Zoran Gajić, Minister of Sport

He is a legendary volleyball player and president of the Volleyball Association of Serbia. Before the 2017 and 2022 presidential elections, Gajić supported Aleksandar Vučić. Asked if he had a dilemma whether to accept the ministerial position, he replied: „… if the incumbent party and a President who has such a personality call you, if they show you such trust, which is also a huge obligation, then there is not a lot of thinking”. You can read more about his career so far here.


Maja Gojković, Minister of Culture

This will be Maja Gojković’s second mandate as Minister of Culture. The first association with the name of this high-ranking official of the Serbian Progressive Party and former president of the Assembly of Serbia is turncoating. Although she once said that it was a mere urban legend, Istinomer established that before joining SNS in December 2012, she was in four different political parties. Read her biography here.
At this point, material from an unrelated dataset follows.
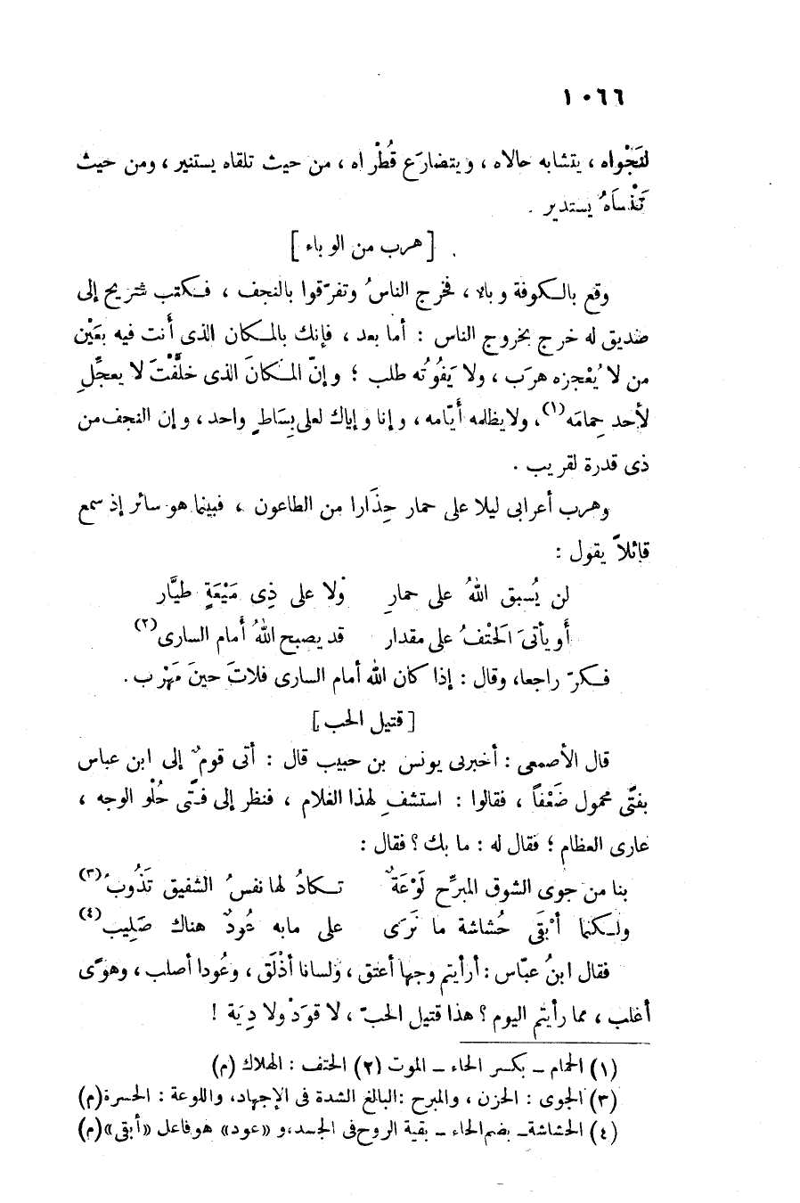 وهرب أعرابى ليلا على حمار حذارا من الطاعون، فبينما هو سائر إذ سمع قائلا يقول:
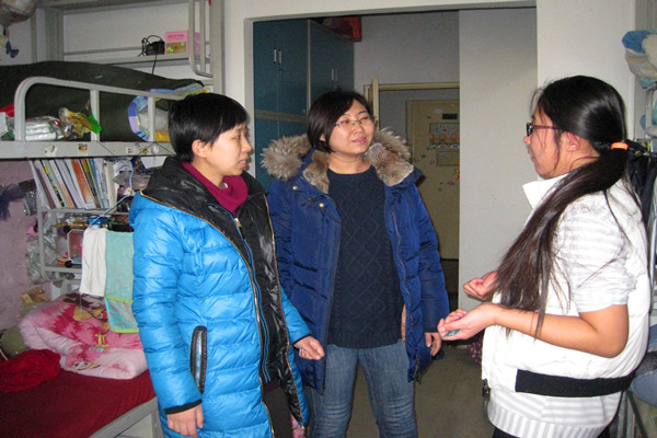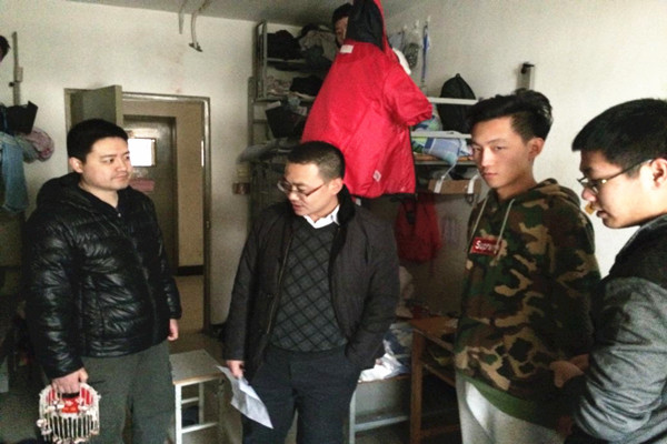 检查中,辅导员一行预祝大家假期愉快,同时嘱咐同学们离校前关闭门窗,切断电源,并叮嘱假期留宿同学在留校期间时刻注意自身个人安全和财产安全,时刻牢固树立安全意识。

Milan Krkobabić, Minister of Rural Welfare

Milan Krkobabić is also a new-old minister, since he remains at the head of the same ministry he took over in October 2020. Before that, he was one of the ministers without a portfolio in Ana Brnabić’s cabinet. Apart from the fact that, as the president of the Party of United Pensioners of Serbia (PUPS), he has been a part of every government for years, his name is also associated with nepotism in politics. The Anti-Corruption Agency required his dismissal because, as a member of the Government, he participated in making the decision that his son Stefan be appointed acting director of the public company ‘Stara Planina’ in 2019, without notifying the Agency of the conflict of interest. Read his biography here.